VA Disability Pay Offset

Today’s blog entry is a little different than those in the past. Today I’m addressing a very specific issue with Veterans Disability payments and the practice of offsetting those payments by reducing retired pay earned by the recipients. In full transparency, I am one of those retired veterans affected by the practice.

Military veteran organizations have long railed against a procedure called VA Disability Benefits offset. The veteran is injured and assessed to have a disability rating. An assessed rating of 30% entitles the veteran to a monthly payment of $508.[1] Sounds great so far.

And it is if the veteran isn’t a retiree. If the veteran separated without earning a retirement, they receive the payment free and clear, just as intended. On the other hand, if the veteran is a retiree, the Defense Finance and Accounting Service subtract the $508 from their retired pay, resulting in the veteran effectively paying for their disability.
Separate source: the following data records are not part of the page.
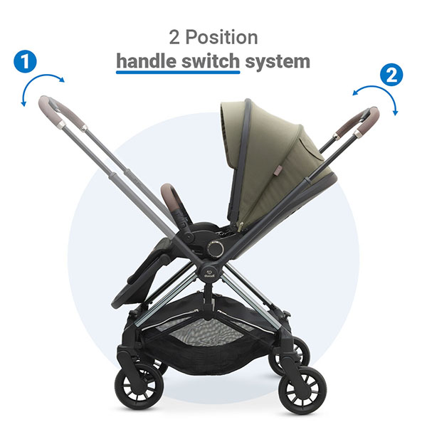 Μεταφερόμενο χερούλι: Μια καινοτομία που θα λατρέψετε! Μεταφέρετε το χερούλι στην αντίθετη πλευρά του καροτσιού με μια απλή κίνηση και απολαύστε την οπτική επαφή με το μωρό σας, χωρίς να χρειάζεται να διακόψετε τη βόλτα σας.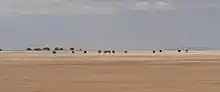 The high salinity makes the area home to only a few plant species. Most of the Chalbi Desert is barren and has no vegetation.[1] One of those areas where plants do grow is usually near outlets of tributary streams after the seasonal rainfalls. Salvadora persica, Acacia tortilis, and Cordia sinensis can grow in the areas around Chalbi's drainage system,[4][8] but most plants that grow in the desert are annual plants. One of those plants is Drakebrockmania somalensis.[8] During years of high rainfall, these areas can be seen covered by grasses like Aristida adscensionis and A. mutabilis.[4] Another region where some plants grow is in the former lake bed. There, one can find Lagenantha nogalensis. Finally, one can also find plants on the edges of the desert, such as Dasysphaera prostrata or Hyphaene coriacea.[8]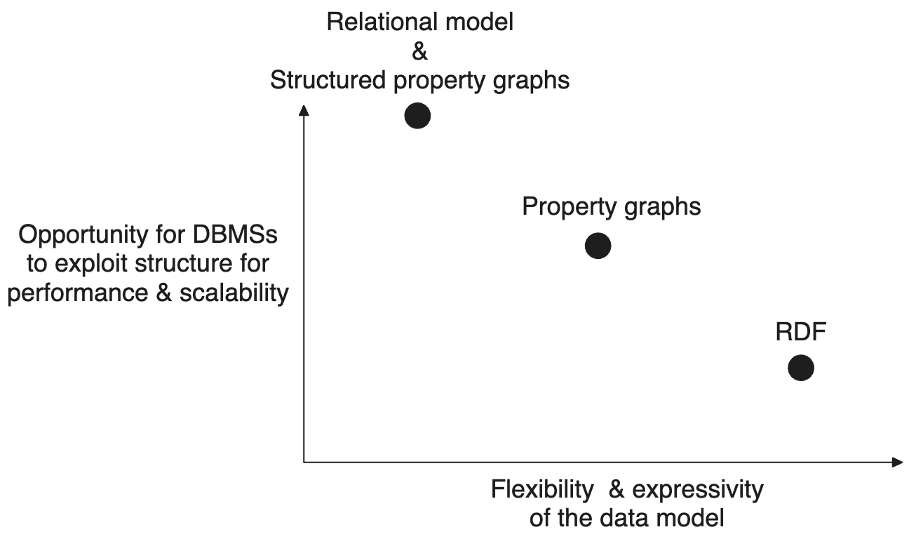 Flexibility: The relational model is located as the left-most point because it is the most “rigid”, i.e., the most structured data model. RDF is the right-most point because it is the most flexible model. The original PG model introduced by Neo4j falls somewhere in between. On the one hand, PGs allow putting arbitrary key-value pairs on node and relationship records, so they provide more flexibility than the relational model. But in PG, you cannot construct proper type hierarchies as in RDF, nor can you model information about types of relationships as in RDF. RDF has a great foundation in knowledge representation and reasoning, so its expressiveness is very well thought out.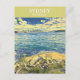 Resevykort från Sydney Harbour skyline i en modern färglös stil i resekonsten. Blå himmel och blå gnistrande vatten på en hett Sommardag i Sydney, Australien. Från ett original.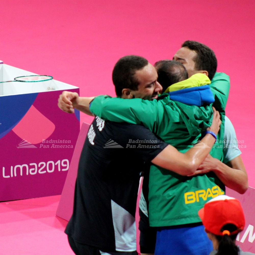 Irmãos Farias comemoram vaga na semifinal e bronze — Foto: Badminton Pan Am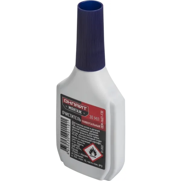 Очиститель универсальный Онлайт Монтаж OEM-Ho01-F30 предназначен для очистки узлов и деталей РЭА, загрязненных деталей офисной техники, а также для удаления остатков флюса после пайки.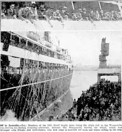 In a write up on the Māori players in the Sydney Mail it was written of Chase: “the man who played the best game in the first of the two Maori trials, the one at Hamilton, was T. Chase… this diminutive Maori is the personification of thrust. Give him the ball and he is off the mark like a shot, and his nippiness is calculated to have the Australian inside backs more than a little worried…”. His dop kicking prowess was also highlighted.[204] The team arrived in Sydney on board the Wanganella on July 6.[205]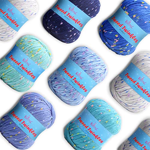 Tweed Twinkles supermjuk texturerad stickning virkat garn, 8 bollar (632 meter/400 gram), DK Light Worsted #3 (blå pack)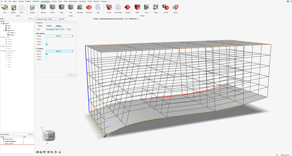 使用“隐式建模”创建的格栅结构可以选择与用户选择的参数 (BRep) 曲面贴合。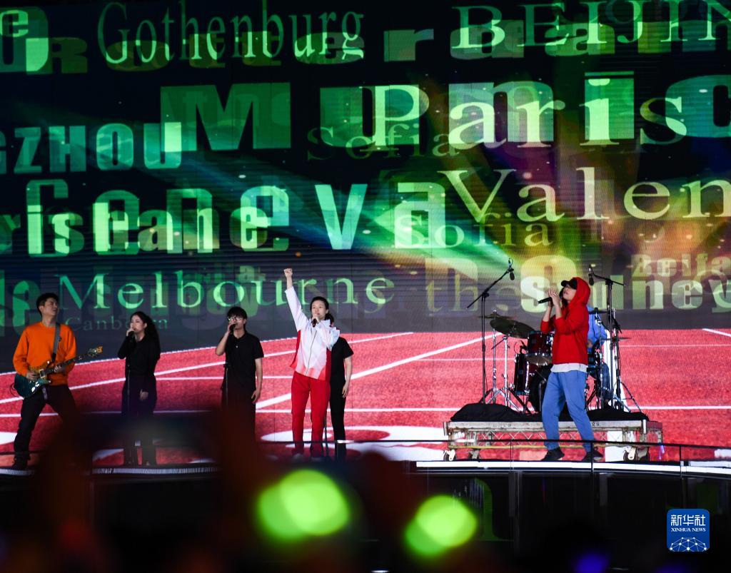 4月19日,在成都大運會倒計時100天啟動儀式上,跳水世界冠軍施廷懋(左四)和樂隊一起演唱歌曲《夢想的冠軍》。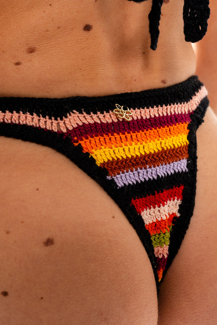 Biquini feito à mão em crochê, com estampa de listras coloridas.

The Veterans of Foreign Wars estimates that over 50,000 military retirees are subject to this offset.[2] Some exceptions to the offset exist, the biggest of which are Concurrent Retirement and Disability Pay (CRDP) and Combat-Related Special Compensation (CRSC). CRDP is a program that restores the offset to a veteran’s pay if their disability rating is 50% or more. Similarly, the CRSC exception restores the offset to the veteran’s pay if the disability directly results from a qualifying combat injury. If you’re one of many veterans whose disability ratings are less than 50% and a retiree, your VA disability benefit is almost a financial illusion.[3]

Admittedly, how to look at the issues has a philosophical component. Is the payment meant to compensate the veteran for their direct injury, meaning is it a payment for past service? Or is the payment meant to compensate the veteran for future reductions in earning capacity and other tangible or intangible costs associated with the injury? The statutory definition of compensation doesn’t answer this core question. The statutes define compensation as “a monthly payment made by the Secretary to a veteran because of service-connected disability[.]”[4] But recently, the Congressional Budget Office has offered options to reduce disability payments for veterans who reach social security age[5] and reduce benefits for high-earning veterans.[6] Both recommendations were based on a presumption that the benefit was intended to compensate for lost or reduced earning potential due to the disability.

But I think most reasonable people looking at the exceptions believe they make sense. It is morally wrong that a veteran who completed a lifetime of service and was eligible for retirement but lost the “injury lottery” should be compensated differently for those direct injuries. From the moral and logical perspective, the only issue with the two exceptions is why they must be exceptions.


This system sets up a weird set of incentives for both the veteran and the VA. The current formula incentivizes the VA to rate disabilities below 50%. Conversely, the veteran can access a relatively robust, flexible, but slow appeals process and is incentivized to use them for a rating of 50% or more. The result is a lot of wasteful and, in my opinion, unnecessary medical, administrative, and legal processes.


The medical experts for both sides have a lot of discretion and subjective assessments as to which column the veteran’s rating the veteran best fits. When a veteran describes their pain level, are they expressing it the same way others may, and where do you place that in your decision tree? Similarly, when testing a veteran’s range of motion, how consistent is the assessor in the force used or even where the baseline starts?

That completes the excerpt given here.